一方面,是嚴肅醫療的“剛需曲線”。 這也是目前侵入式技術主攻的方向。博睿康的產品針對的是C2~C6頸段脊髓損傷所致四肢癱患者,幫助他們實現手部抓握功能代償 。“北腦一號”的臨床數據同樣令人振奮:下肢截癱患者小王在植入后,通過聯合脊髓電刺激和外骨骼裝置進行康復訓練,脊髓損傷功能評分從最嚴重的A級改善到C級,已能借助無動力支具站立行走 。在這一領域,產品直接對標的是患者“恢復功能”的剛需,付費意愿強,但臨床驗證周期長、壁壘極高。目前國內的主要玩家包括博睿康、腦虎科技、芯智達等,均在與頂尖神經外科中心深度綁定。

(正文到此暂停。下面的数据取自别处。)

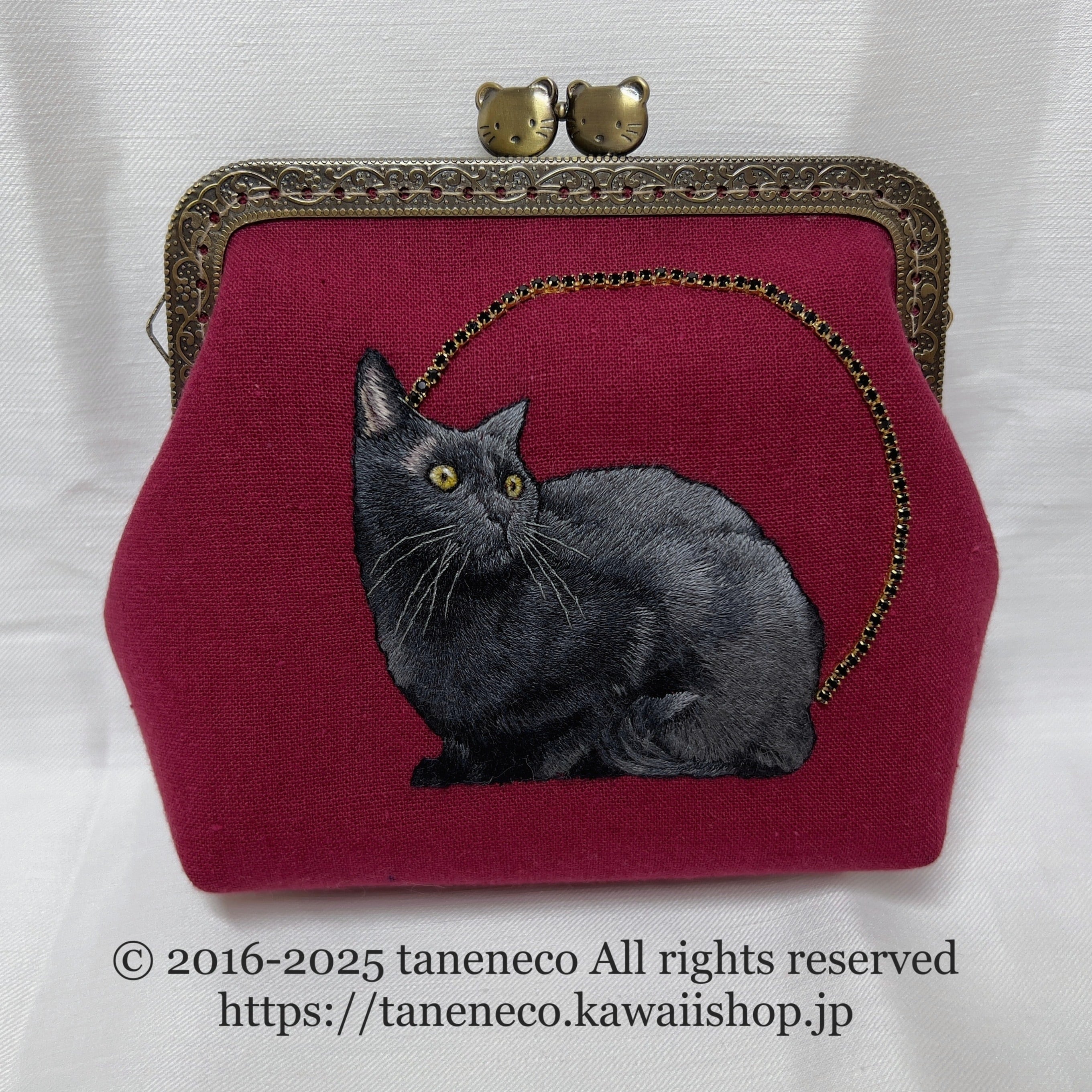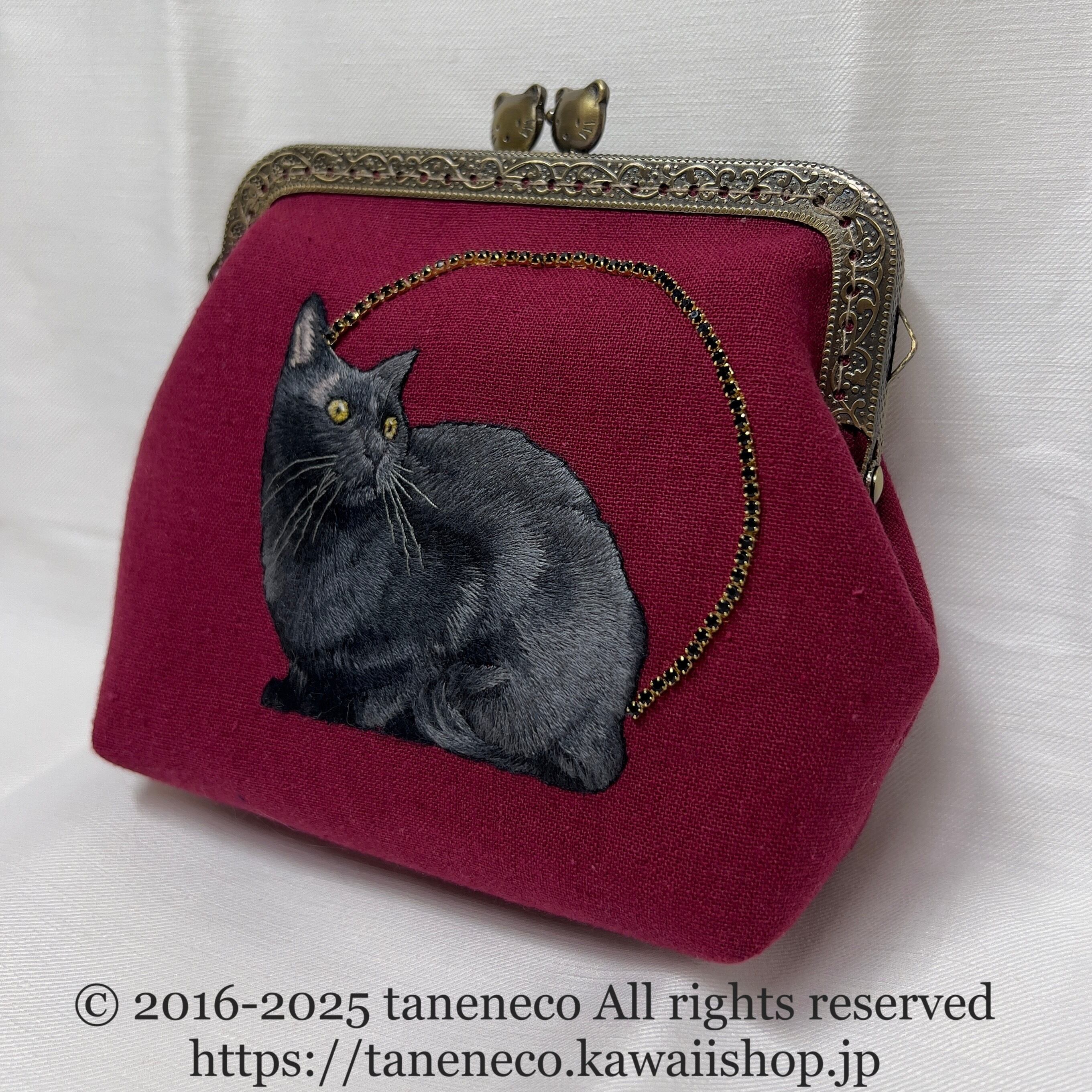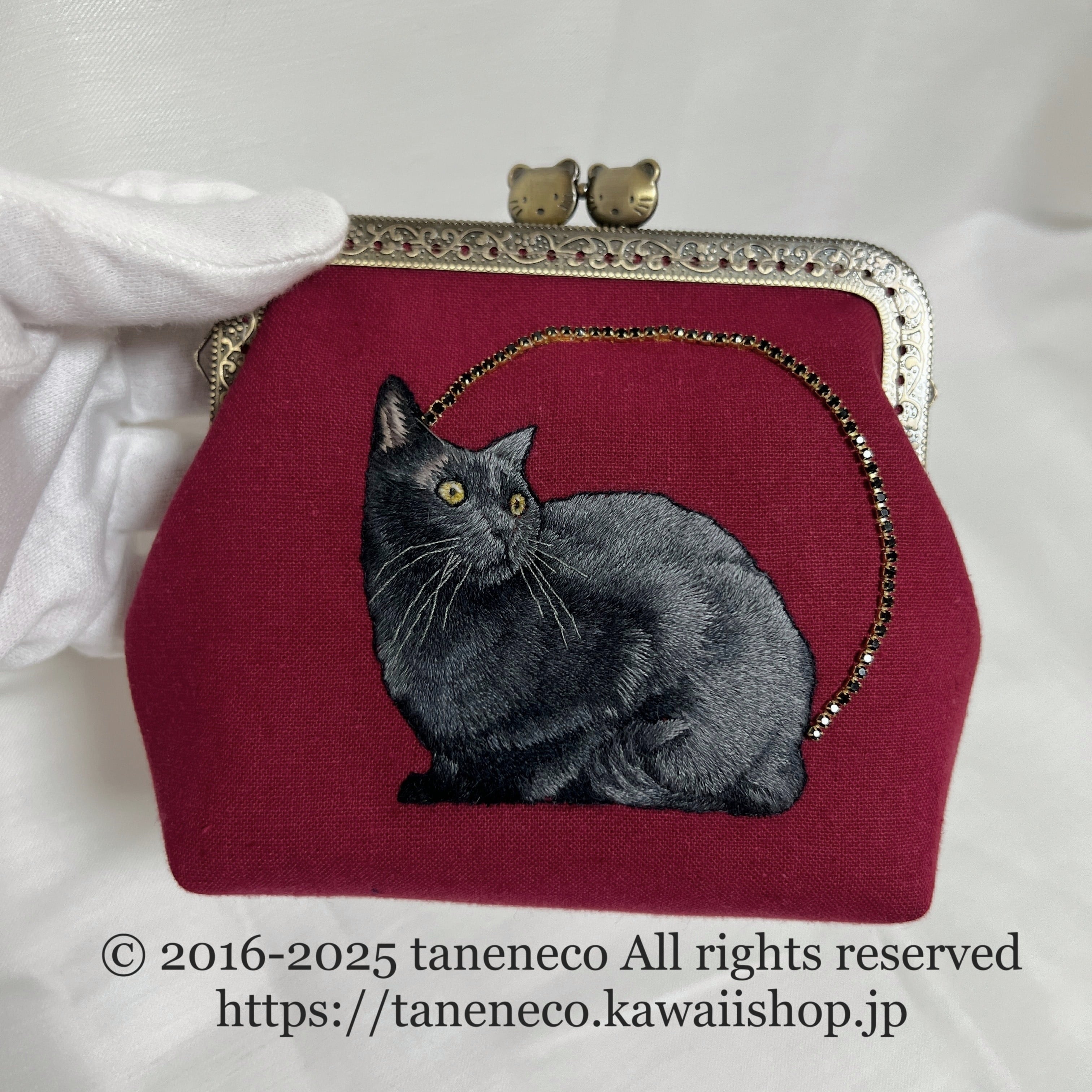 taneneco手刺繍作品『Ma Petite Noir Diamond』がま口ポーチ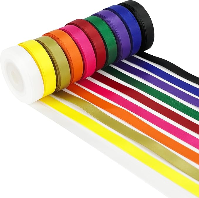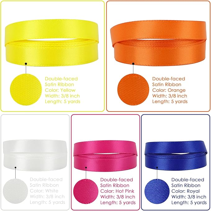 Rainbow Ribbon Set Solid Color Assortment 10 Colors Double Faced Satin Ribbon for Gift Wrapping Double Sided Christmas Ribbon Party Decorations, 3/8" X 5 Yard Each Total 50 Yds Per Package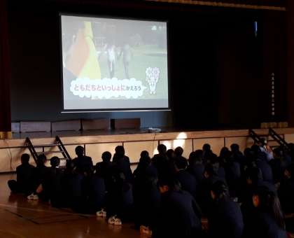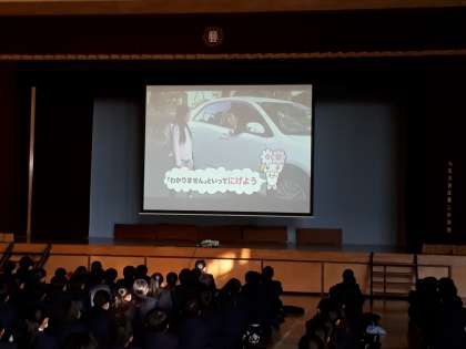 不審者対応に関する映像を見て、緊急時の対応方法について確認しました。2月に行う不審者対応の学習の事前学習にもなりました。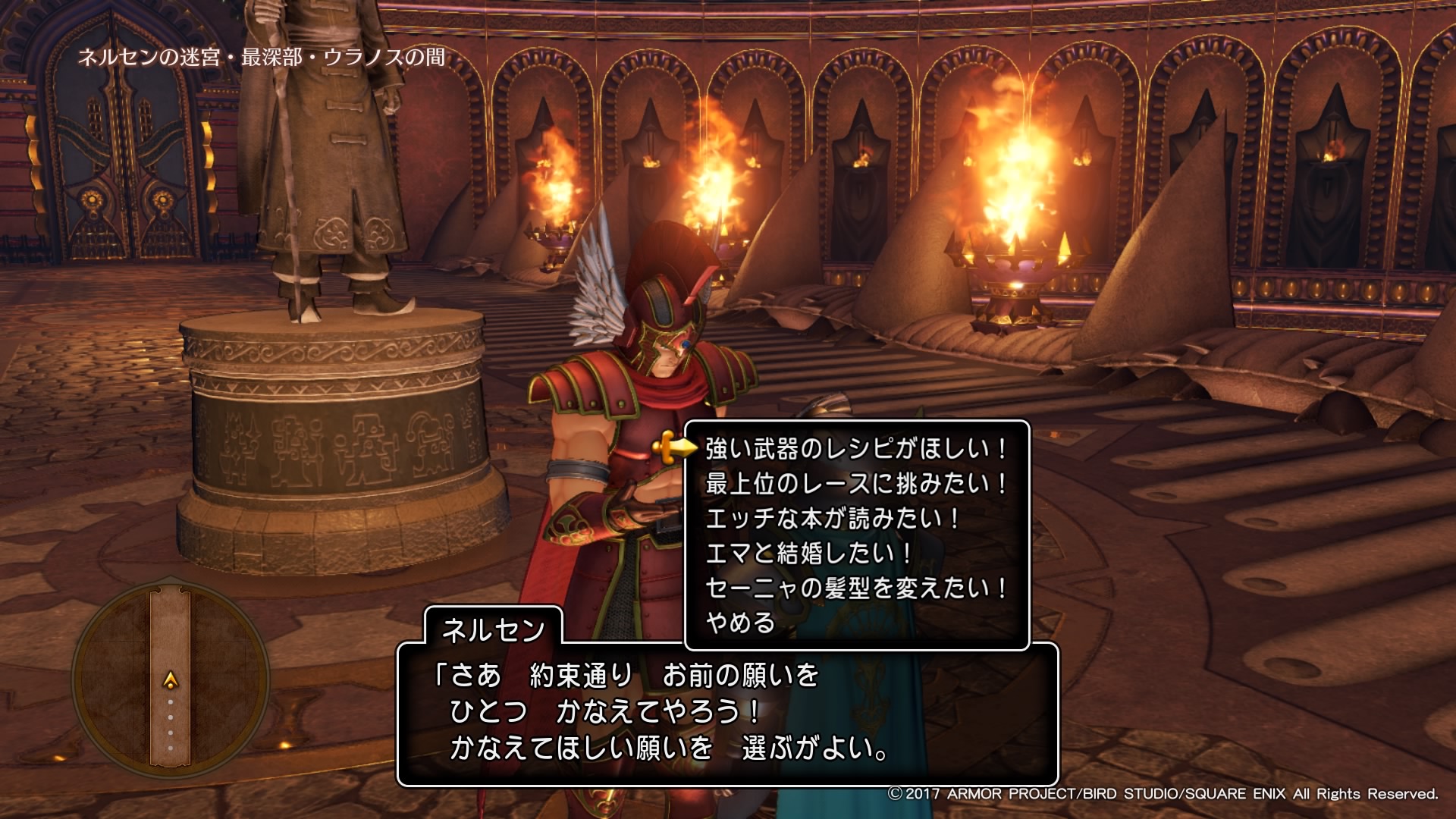 最初のエリアである導師の試練、その最深部にいるボスを倒すと願いを一つかなえてくれるということで画像のような選択肢が表示されます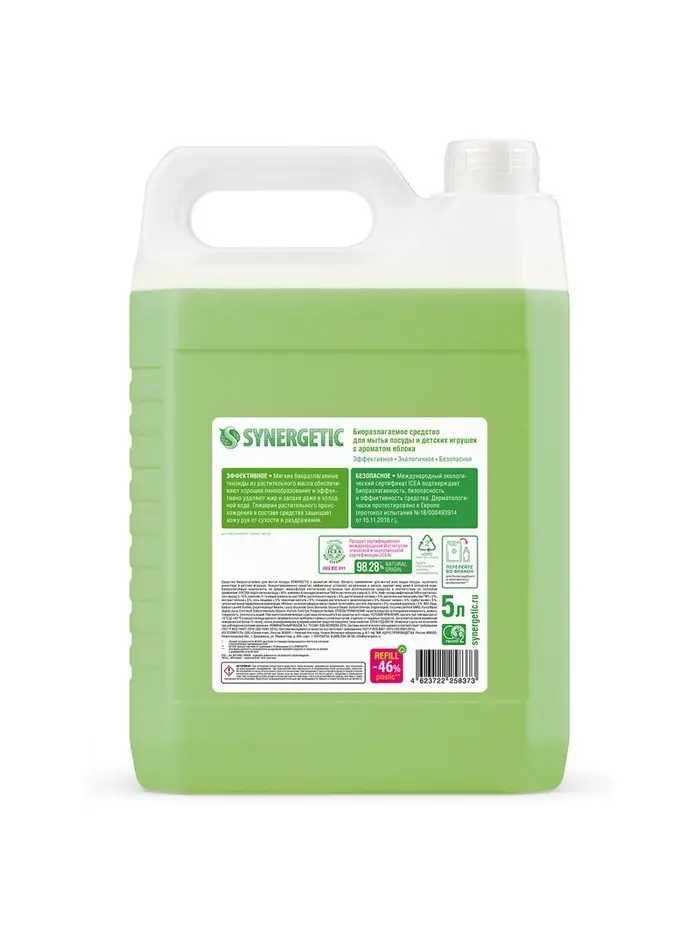 Средство для мытья посуды Synergetic, антибактериальный гель, биоразлагаемый, яблоко, 5 л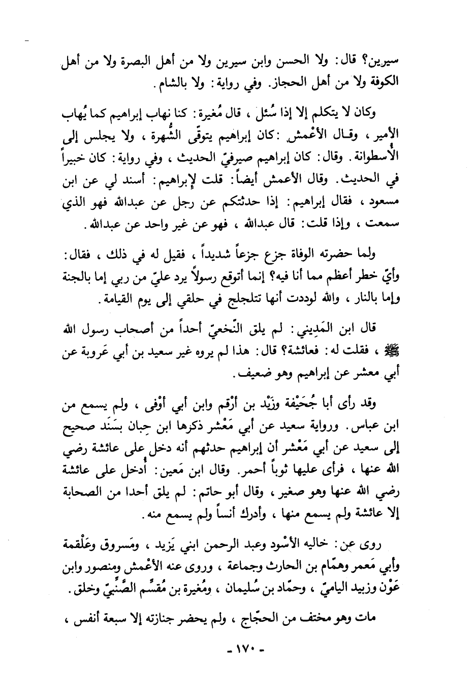 قال ابن المَدِيني: لم يلق النّخعيّ أحدًا من أصحاب رسول الله - صلى الله عليه وسلم -، فقلت له: فعائشة؟ قال: هذا لم يروه غير سعيد بن أبي عَروبة عن أبي معشر عن إبراهيم وهو ضعيف.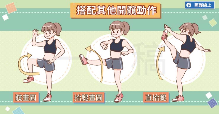 「抬腿畫圓」是用伸直腿後由內往外畫圓,也可以由外往內畫圓,鍛鍊不同肌群。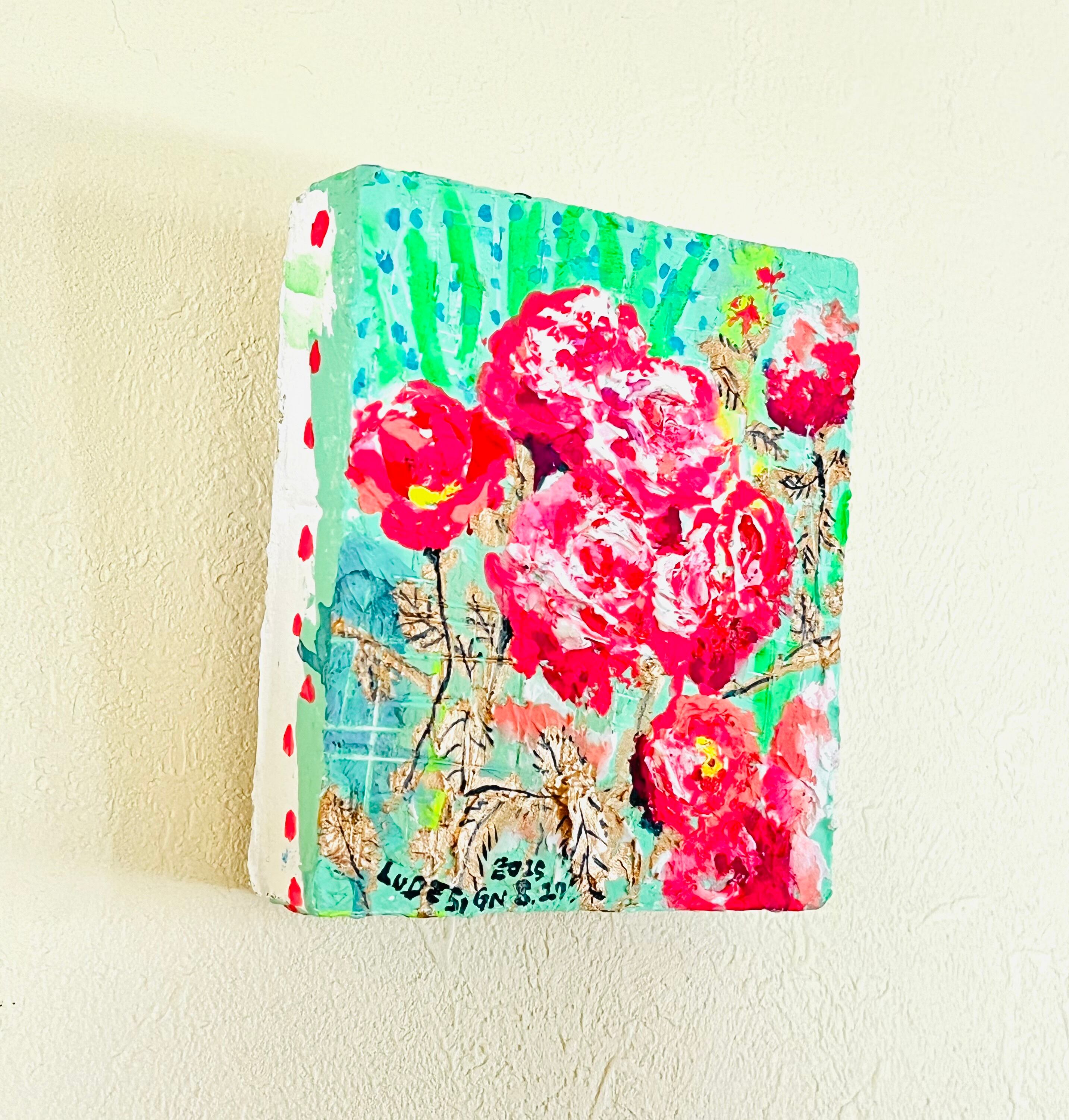 まめ絵画「小さな赤い薔薇」
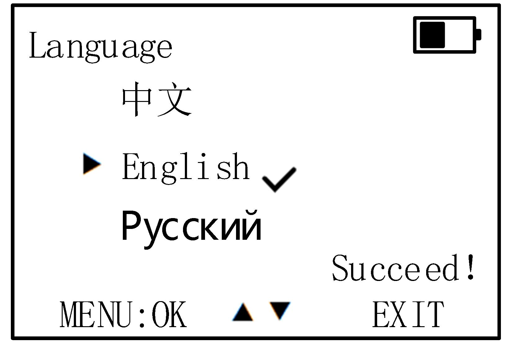 Language: Press the [MENU] button to enter the Language Settings, as shown in the figure below(left picture) Press the [▼] and [▲] buttons to select among Chinese, English, and Russian options. Use these buttons to choose the desired language. Once selected, press the [MENU] button to save the setting. A "Save Successful!" prompt will appear at the bottom of the screen (as shown in the figure below). Finally, press the [EXIT] button to exit.(right picture)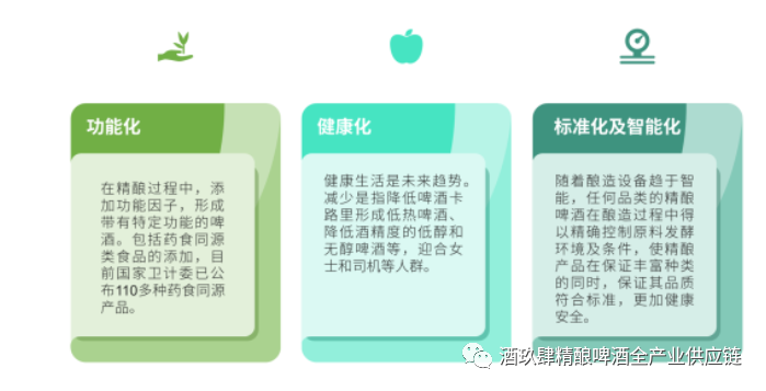 精酿啤酒由于原料纯天然,不额外使用添加剂,因此较工业啤酒更为健康。未来在多种食源辅材的加入下,消费者将不断体验到新类别和具有各种新功能的精酿啤酒;此外,通过智能化的设备,精酿啤酒的生产工艺也会进一步提升。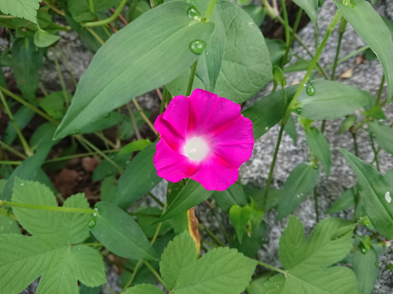 새벽 잔비 속 피어난 핑크빛 나팔꽃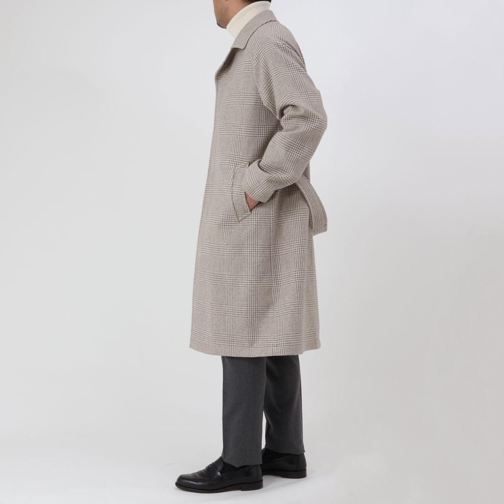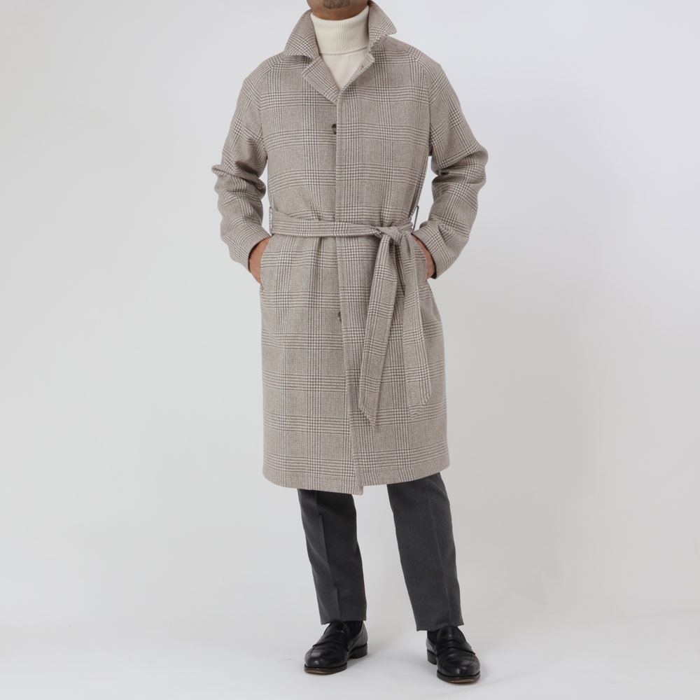 ・ラグランスリーブ、フライフロントとベーシックなデザインのバルカラーコートながら、それに加えられたベルテッド仕様が「TAGLIATORE(タリアトーレ)」らしいところ。ウエストを絞ってグラマラスに見せることはもちろんのこと、無造作に腰ポケットに入れたり、ベルトがあるだけで着こなしの幅が広がります。

另一方面,是消費級市場的“普惠曲線”。 這條路線以非侵入式技術為主,技術難度相對較低,安全性高,成本可控,在教育、康養、娛樂等場景滲透率快速提升 。可孚醫療、翔宇醫療等企業已率先布局。翔宇醫療推出的腦機接口康復產品矩陣,覆蓋上下肢訓練、外骨骼機器人等場景,正將康復器械從“輔助工具”向“精準治療載體”升級 。這一市場競爭者眾多,產品同質化風險較高,但市場空間廣闊,是支撐產業早期發展的基石。
值得一提的是,介入式技術路線作為中間路線,正由南開大學段峰團隊等探索,通過血管將支架電極送入大腦,兼具微創與信號質量優勢,若臨床進展順利,有望在未來形成三足鼎立之勢。
挑戰猶存,未來已來
盡管捷報頻傳,但我們必須清醒地看到,腦機接口產業仍面臨諸多挑戰。
首先是技術與臨床轉化的鴻溝。從“科研樣機”到“成熟醫療產品”需要跨越“最后一公里”,這不僅是技術的優化,更是標準的確立和流程的跑通 。復旦大學加福民副研究員表示,腦機接口是典型的跨學科領域,傳統醫療機構與科研院所的專業分工壁壘亟待打破。
其次是成本與市場認知的制約。目前侵入式設備的生產成本高昂,導致產品價格難以親民。同時,消費者對侵入式設備的安全性仍存恐懼,對非侵入式設備的性能存疑。
再者是倫理與數據安全的風險。腦電數據作為最私密的生物信息,其采集、存儲、使用尚缺乏完善的法律規范,我國在國際腦機接口倫理準則制定中尚缺少話語權。
但無論如何,今天的我們已經站在了一個新的起點。國家“十五五”規劃已將腦機接口明確為未來產業,政府工作報告首次提及要培育壯大包括腦機接口在內的一批未來產業 。上海、北京、江蘇等地紛紛出臺行動方案,從臨床平臺建設、醫保定價到人才引進,提供全方位支持 。
對于中國醫療器械產業而言,腦機接口這片藍海,才剛剛掀起波瀾。誰能在這場穿越“死亡之谷”的競速中率先撞線,不僅取決于技術的深度,更取決于對臨床真實需求的精準洞察與敬畏。